[Data extracted from a collection]
+++++
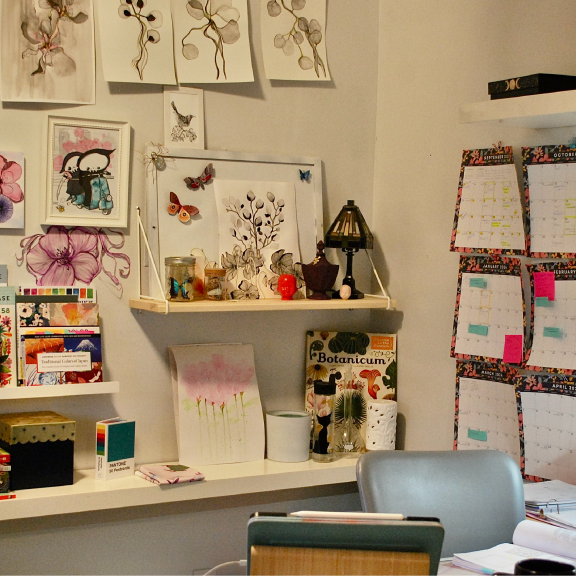 I tend to rearrange this space when I am trying to avoid work, or when I start a new project. And by project, I mean another class, because let’s face it – that is all I’ve been doing; class after class. At some point, I need to put all this learning into action. Perhaps 2024 will be the year I make it happen. But, first I’ll have to completely rearrange my space, which could take a while.
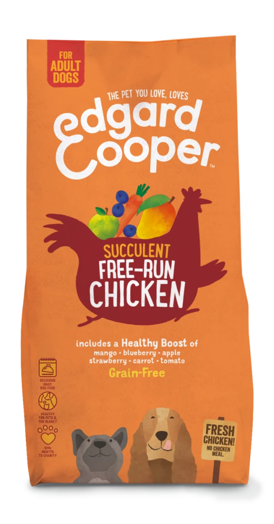 In Edgard & Cooper hondenvoer Adult scharrelkip wordt enkel verse scharrelkip gebruikt en absoluut geen bewerkte, overgare of gedroogde kip of kippenmeel dat moeilijker is voor de buikjes om te verteren. Daarnaast wordt er een supergezonde mix van fruit, groenten en kruiden toegevoegd.
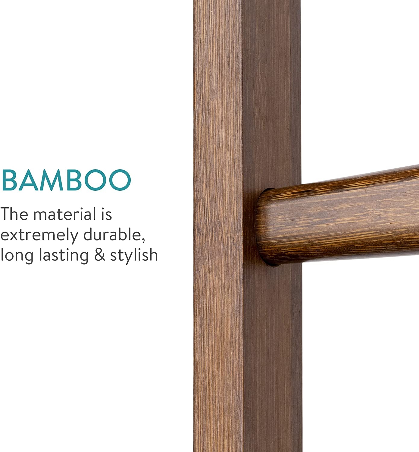 Το μπαμπού είναι ένα εξαιρετικό υλικό που είναι ιδιαίτερα κομψό αλλά έχει εξίσου μεγάλη αντοχή στην χρήση. Είναι ένα μακράς διαρκείας, κομψό και βιώσιμο υλικό, που το καθιστά ιδανικό για χρήση το σπίτι. Επιπλέον, η σκάλα διαθέτει "πόδια" σιλικόνης για βελτιωμένη πρόσφυση στο πάτωμα.
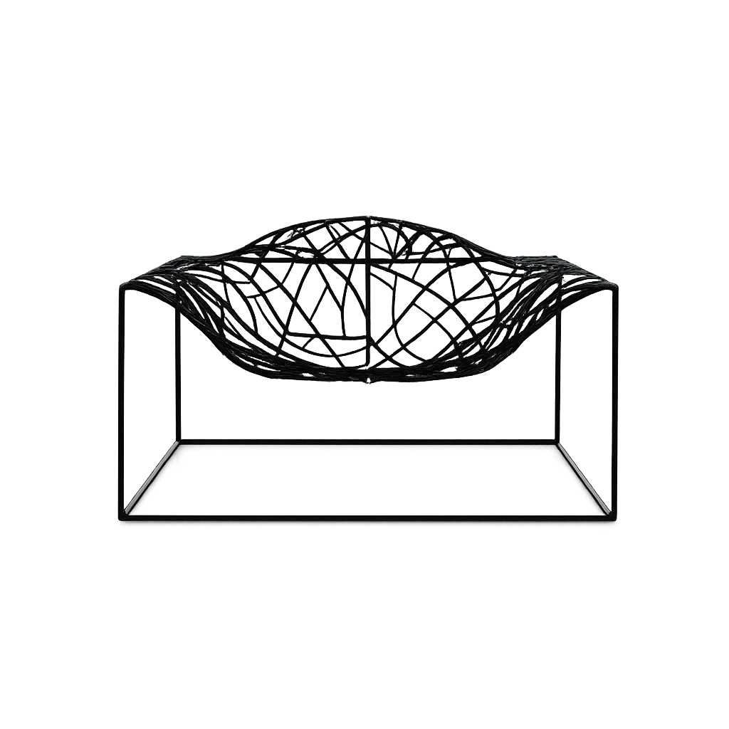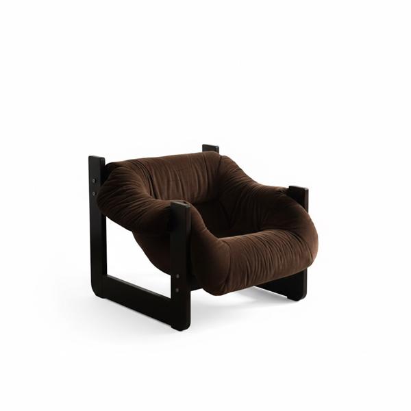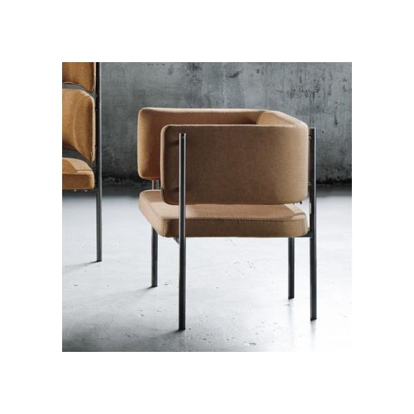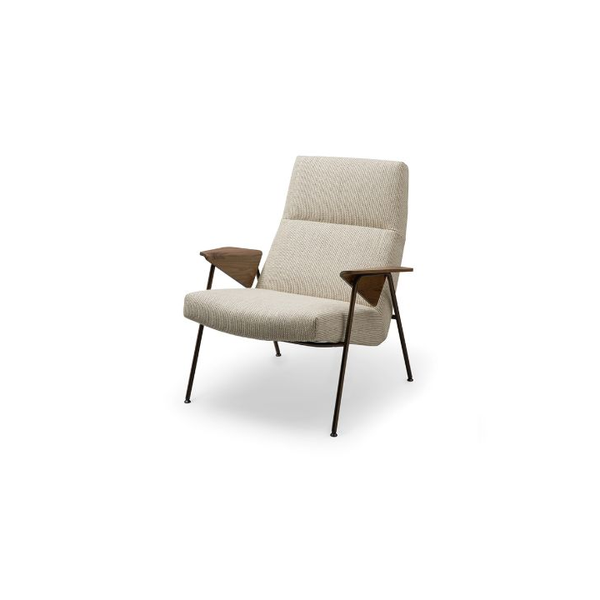 Poltrona com Estrutura em Aço e Encosto em Madeira
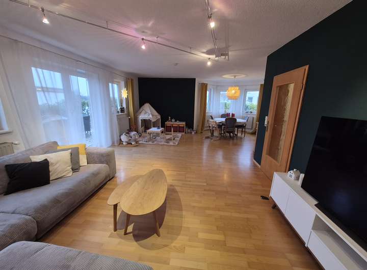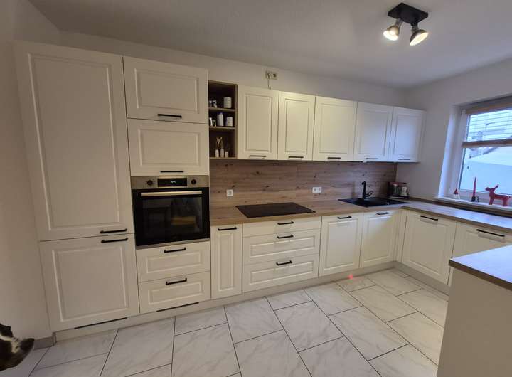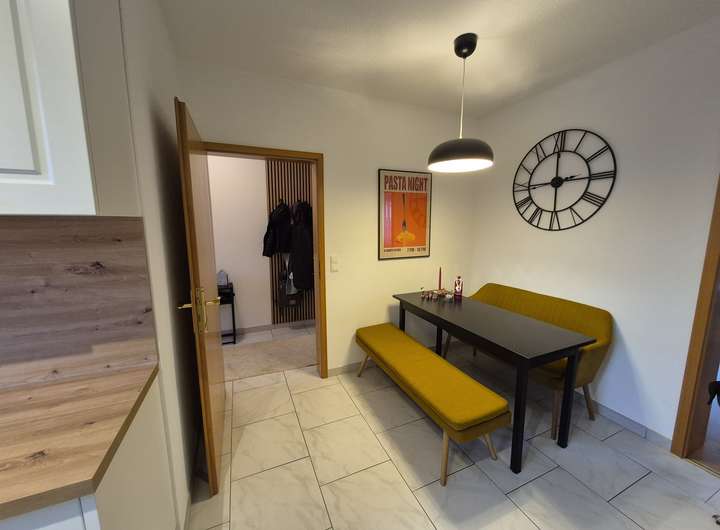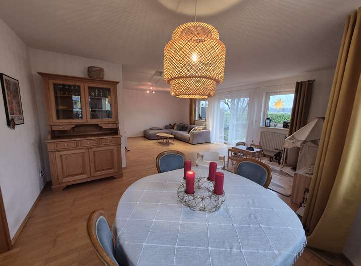 Das Erdgeschoss verfügt über ein Gäste-WC, eine neue Landhausküche aus dem Jahr 2023 sowie ein großzügiges, ca. 39 m² großes Wohn- und Esszimmer mit direktem Zugang zum Garten.
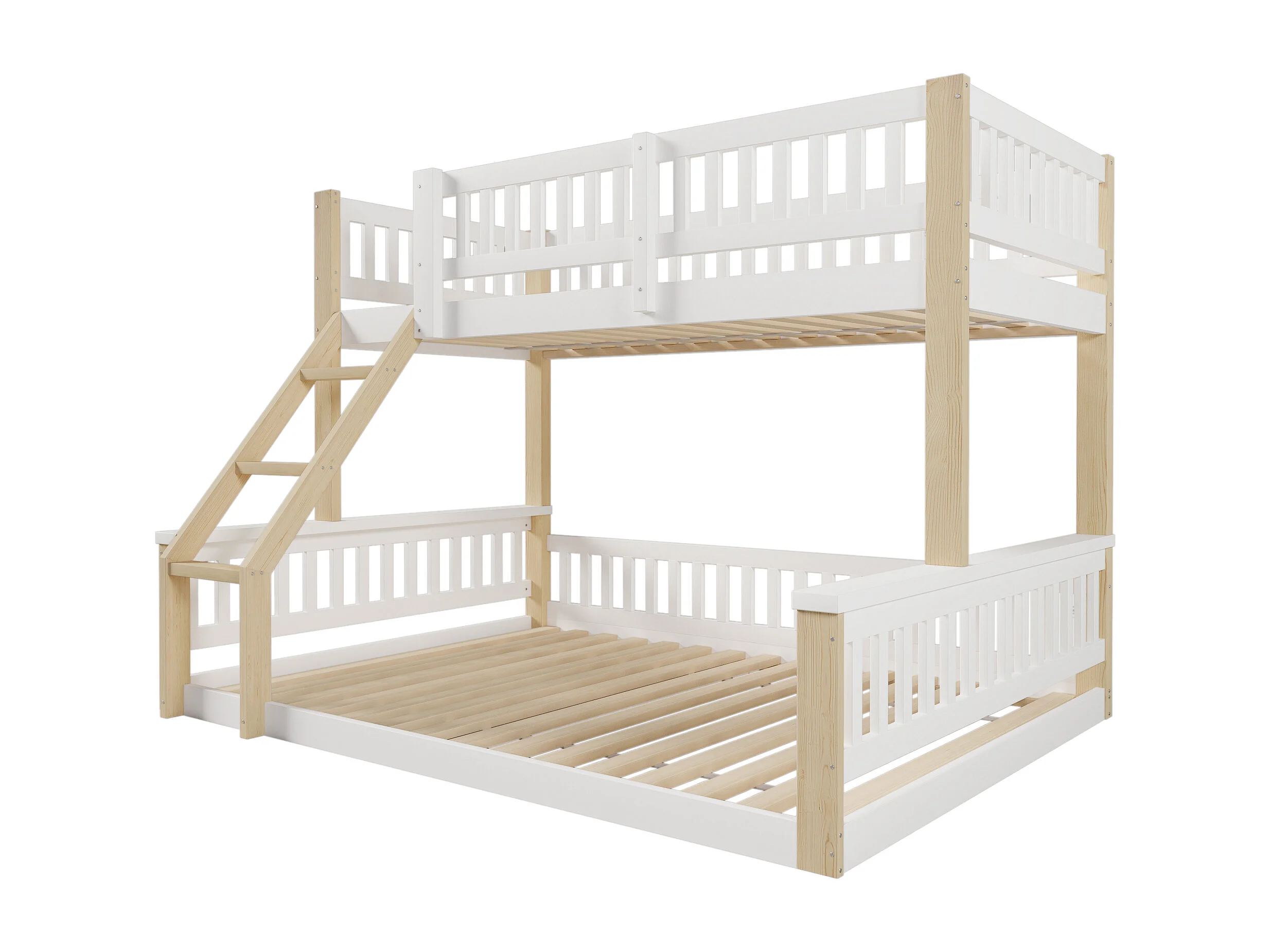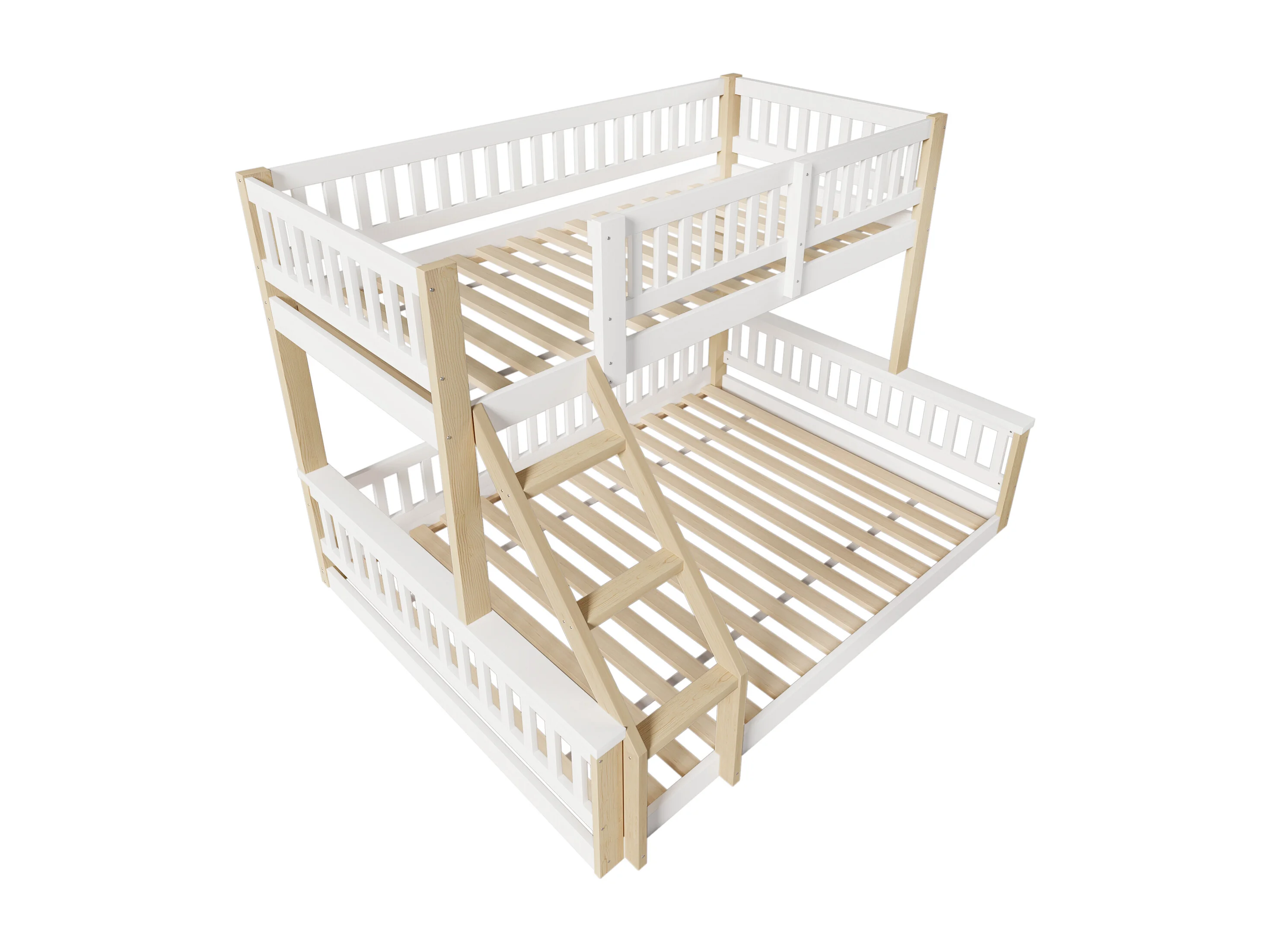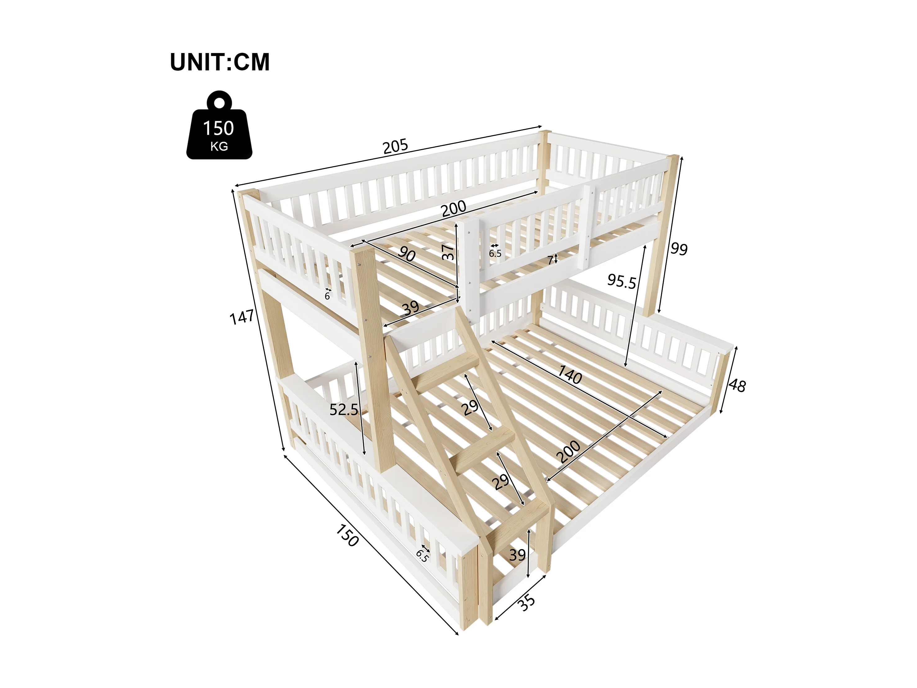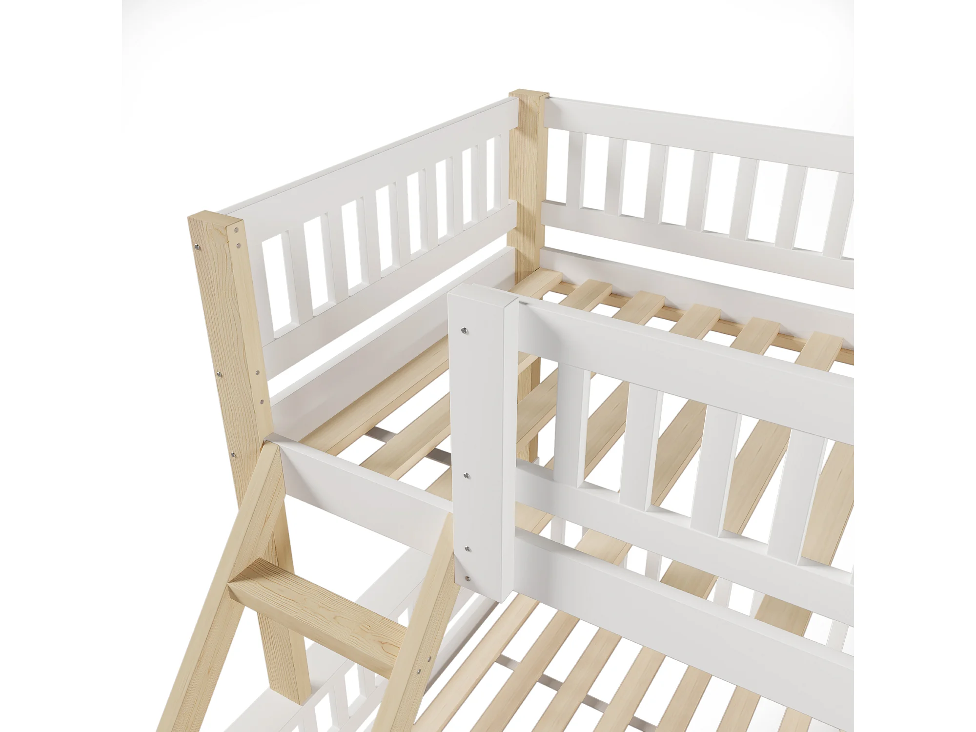 Lit superposé 90 x 200cm et 140x200cm avec échelle et barrières - Bois pin et MDF - Blanc et naturel
+++++
WORK TO BE COMPLETED: Retype exactly, and only, the lines from the one containing "Das Erdgeschoss verfügt" through the end of the records above. Pictures stay out of the copy.

SOLVED PROBLEM:
 Das Erdgeschoss verfügt über ein Gäste-WC, eine neue Landhausküche aus dem Jahr 2023 sowie ein großzügiges, ca. 39 m² großes Wohn- und Esszimmer mit direktem Zugang zum Garten.
 Lit superposé 90 x 200cm et 140x200cm avec échelle et barrières - Bois pin et MDF - Blanc et naturel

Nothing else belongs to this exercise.